Toggle the display of automated, internal messages from the tracker.

View this report as an mbox folder, status mbox, maintainer mbox


Report forwarded to bug-gnu-emacs <at> gnu.org:
bug#65496; Package emacs. (Thu, 24 Aug 2023 10:56:02 GMT) Full text and rfc822 format available.

Acknowledgement sent to David Ponce <da_vid <at> orange.fr>:
New bug report received and forwarded. Copy sent to bug-gnu-emacs <at> gnu.org. (Thu, 24 Aug 2023 10:56:02 GMT) Full text and rfc822 format available.

Message #5 received at submit <at> debbugs.gnu.org (full text, mbox):

From: David Ponce <da_vid <at> orange.fr>
To: bug-gnu-emacs <at> gnu.org
Subject: 30.0.50; Issue with the regexp used to auto-detect PBM image data
Date: Thu, 24 Aug 2023 12:55:03 +0200
[Message part 1 (text/plain, inline)]
Hello,

While experimenting with code to create image from data, I encountered
an issue with the regexp in `image-type-header-regexps' used to
auto-detect PBM image type from the first bytes of image data.
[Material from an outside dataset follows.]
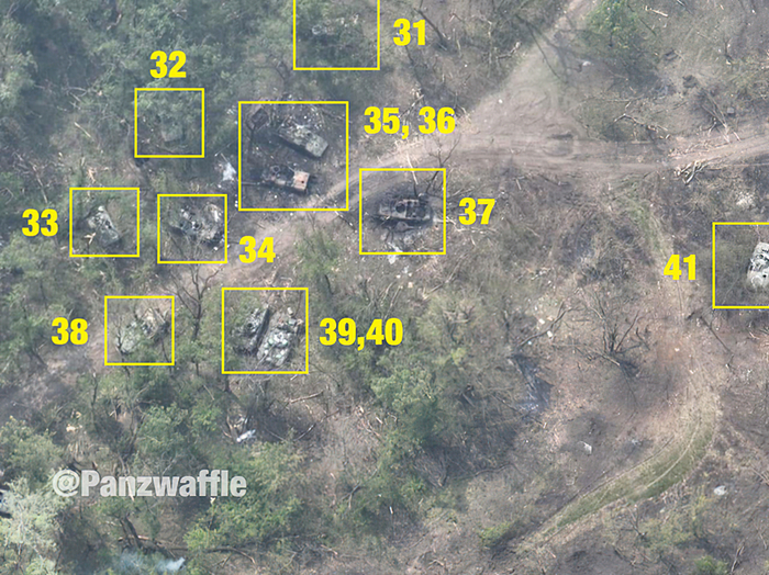 Номера 39 и 40 это танки Т-72, возможно Б. Причем машины не выглядят поврежденными.
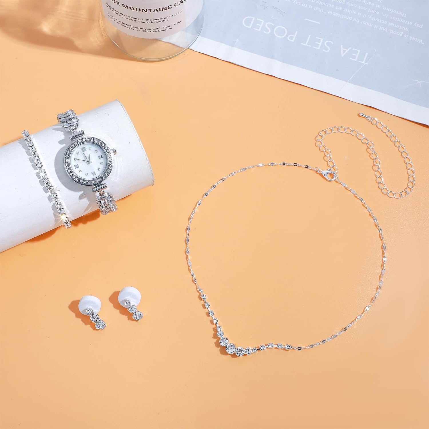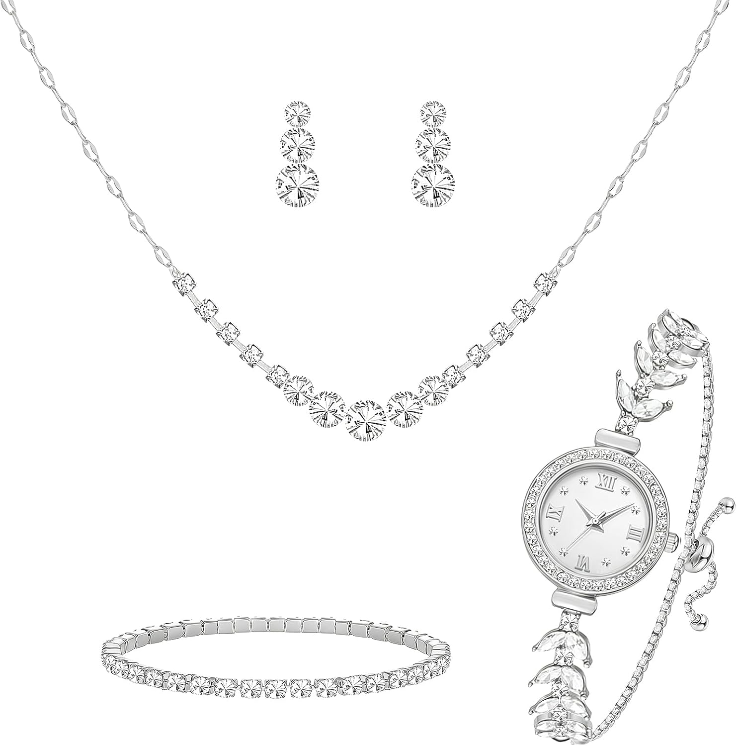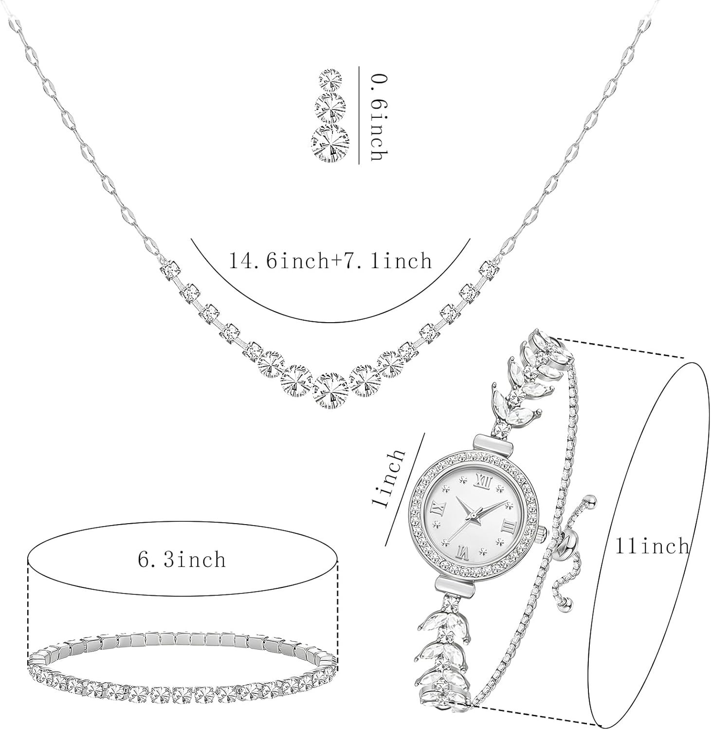 - Package included: One order includes 5 pieces crystal jewelry, including 2 pieces earrings, 1 piece necklace, 1 piece bracelet and 1 piece watch, each is very shiny, classic and luxury

That is:

"\\`P[1-6]\\(?:\
\\(?:\\(?:#[^\r\n]*[\r\n]\\)*[[:space:]]\\)+\
\\(?:\\(?:#[^\r\n]*[\r\n]\\)*[0-9]\\)+\
\\)\\{2\\}"

Here is a simple recipe to illustrate the issue:

In *scratch* buffer eval:
-------------------------
;; Get content of a pbm file.
(setq test-data
      (with-current-buffer
          (find-file-noselect "[YourEmacsPath]/etc/images/splash.pbm")
        (prog1 (buffer-substring-no-properties (point-min) (point-max))
          (kill-buffer (current-buffer)))))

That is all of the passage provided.